> _Your assignment_
Retype the data exactly, skipping any picture in it.

> _Provided material_
********************

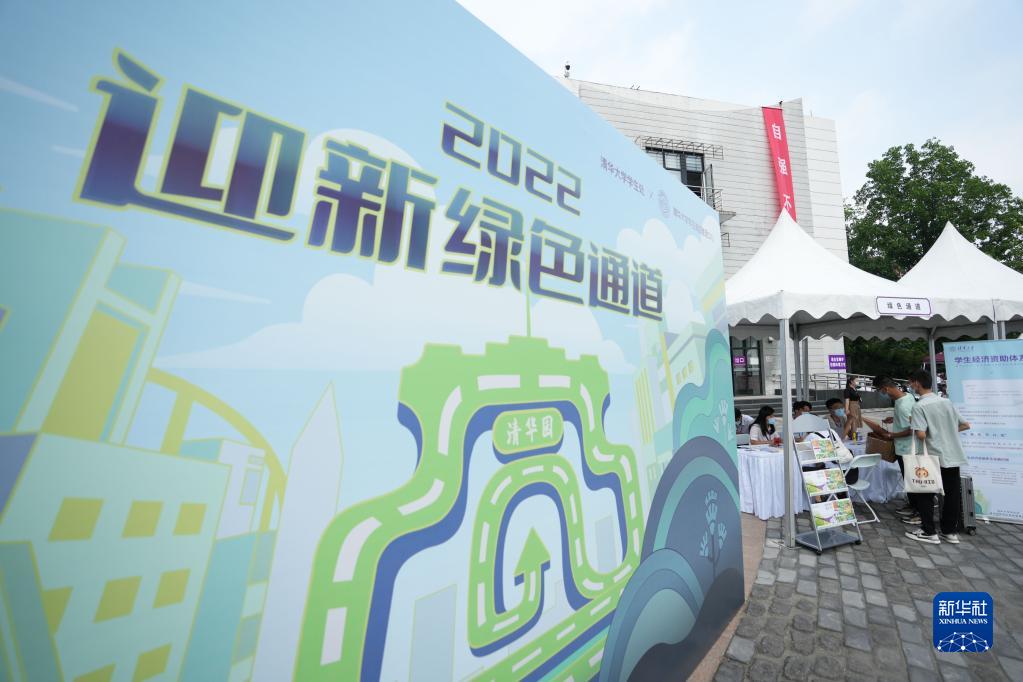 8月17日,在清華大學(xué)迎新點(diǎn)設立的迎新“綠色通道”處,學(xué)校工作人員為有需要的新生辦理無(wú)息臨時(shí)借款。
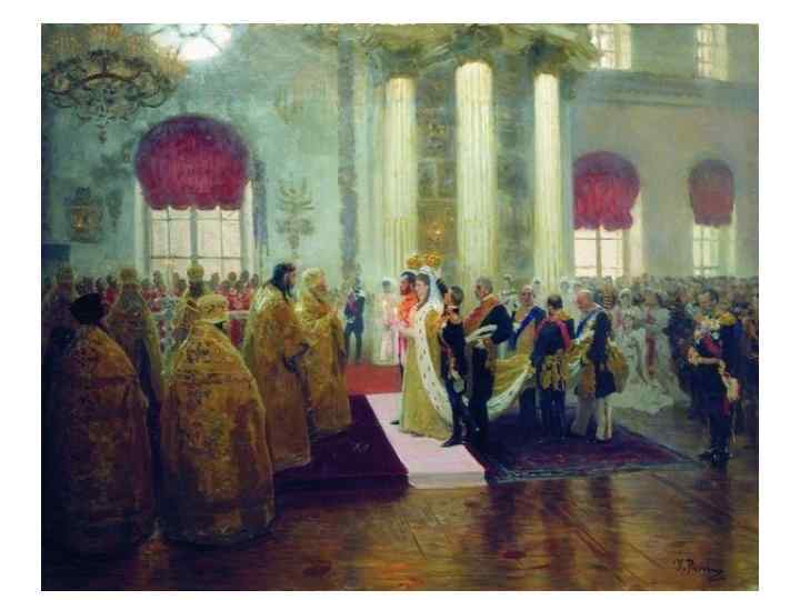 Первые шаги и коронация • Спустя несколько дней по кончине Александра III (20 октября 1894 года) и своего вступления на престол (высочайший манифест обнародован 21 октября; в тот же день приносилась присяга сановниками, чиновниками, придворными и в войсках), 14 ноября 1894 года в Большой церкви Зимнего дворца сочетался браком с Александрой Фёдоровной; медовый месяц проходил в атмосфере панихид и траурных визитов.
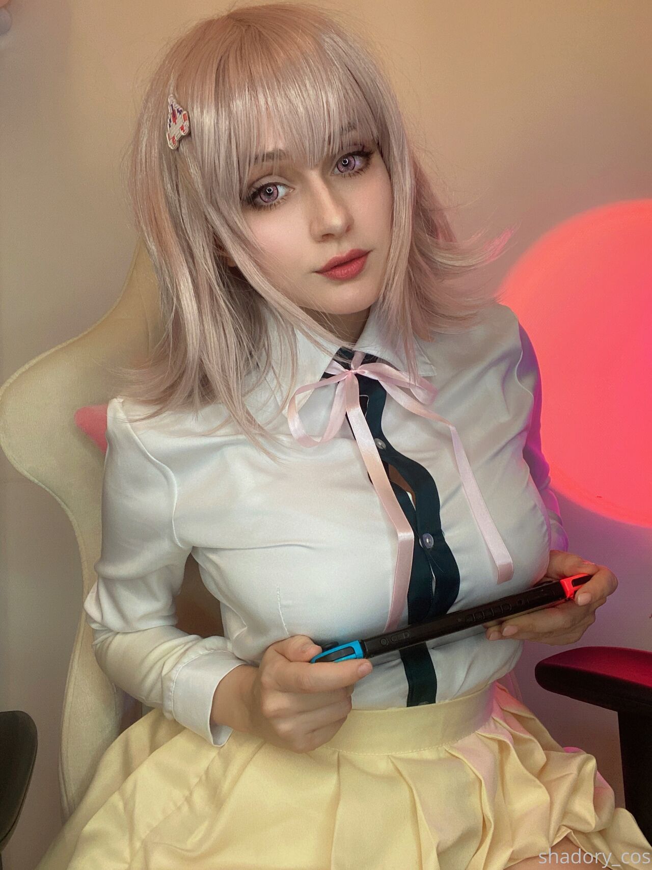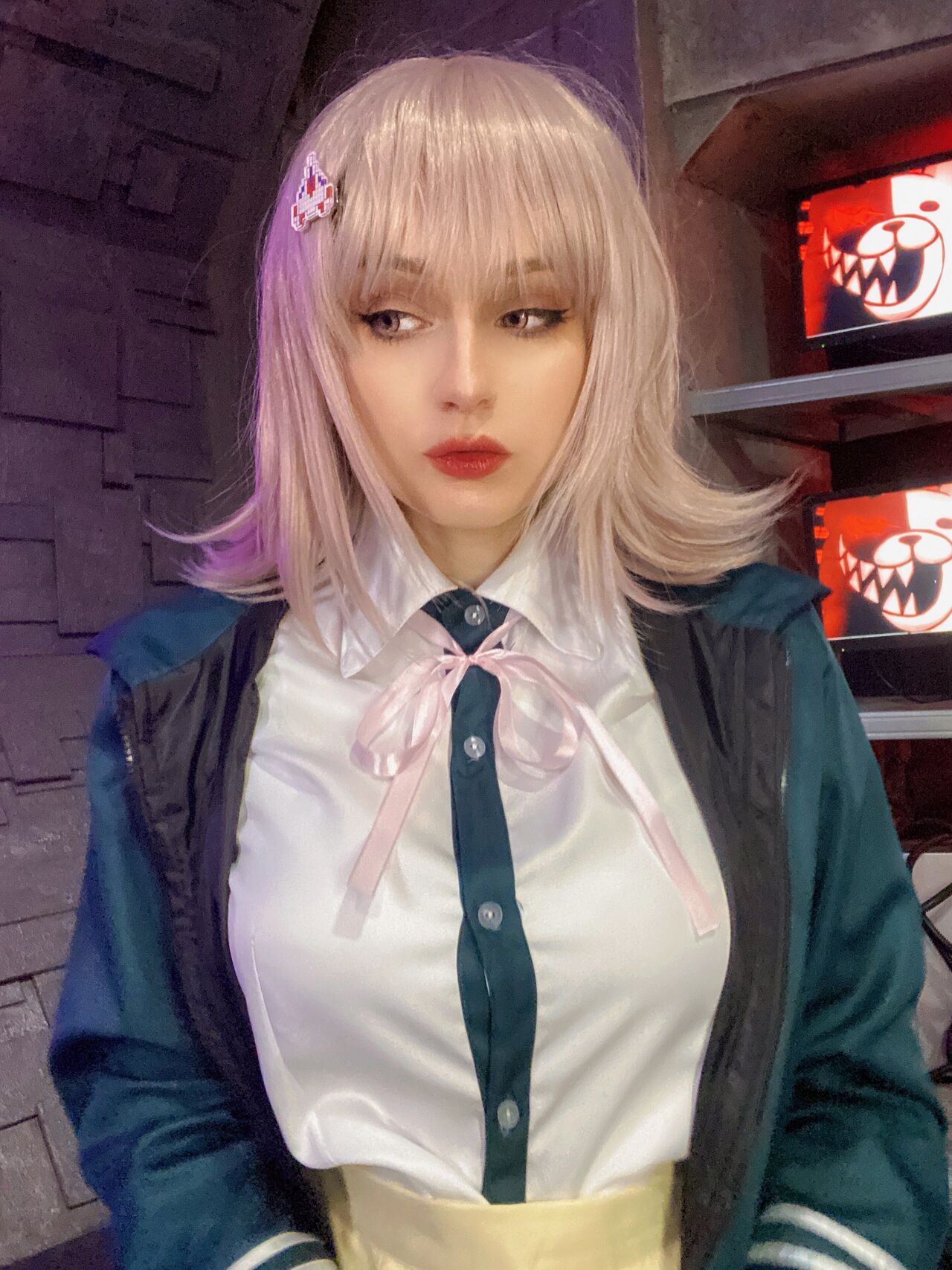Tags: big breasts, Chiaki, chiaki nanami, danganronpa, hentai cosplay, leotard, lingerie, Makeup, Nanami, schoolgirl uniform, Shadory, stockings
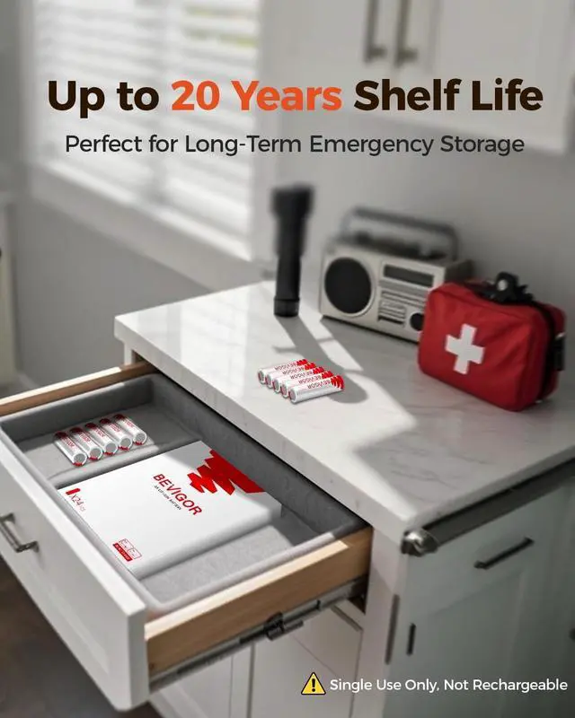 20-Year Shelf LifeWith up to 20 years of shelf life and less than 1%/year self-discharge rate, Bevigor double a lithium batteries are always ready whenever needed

********************

> _Output for this task_
 8月17日,在清華大學(xué)迎新點(diǎn)設立的迎新“綠色通道”處,學(xué)校工作人員為有需要的新生辦理無(wú)息臨時(shí)借款。
 Первые шаги и коронация • Спустя несколько дней по кончине Александра III (20 октября 1894 года) и своего вступления на престол (высочайший манифест обнародован 21 октября; в тот же день приносилась присяга сановниками, чиновниками, придворными и в войсках), 14 ноября 1894 года в Большой церкви Зимнего дворца сочетался браком с Александрой Фёдоровной; медовый месяц проходил в атмосфере панихид и траурных визитов.
Tags: big breasts, Chiaki, chiaki nanami, danganronpa, hentai cosplay, leotard, lingerie, Makeup, Nanami, schoolgirl uniform, Shadory, stockings
 20-Year Shelf LifeWith up to 20 years of shelf life and less than 1%/year self-discharge rate, Bevigor double a lithium batteries are always ready whenever needed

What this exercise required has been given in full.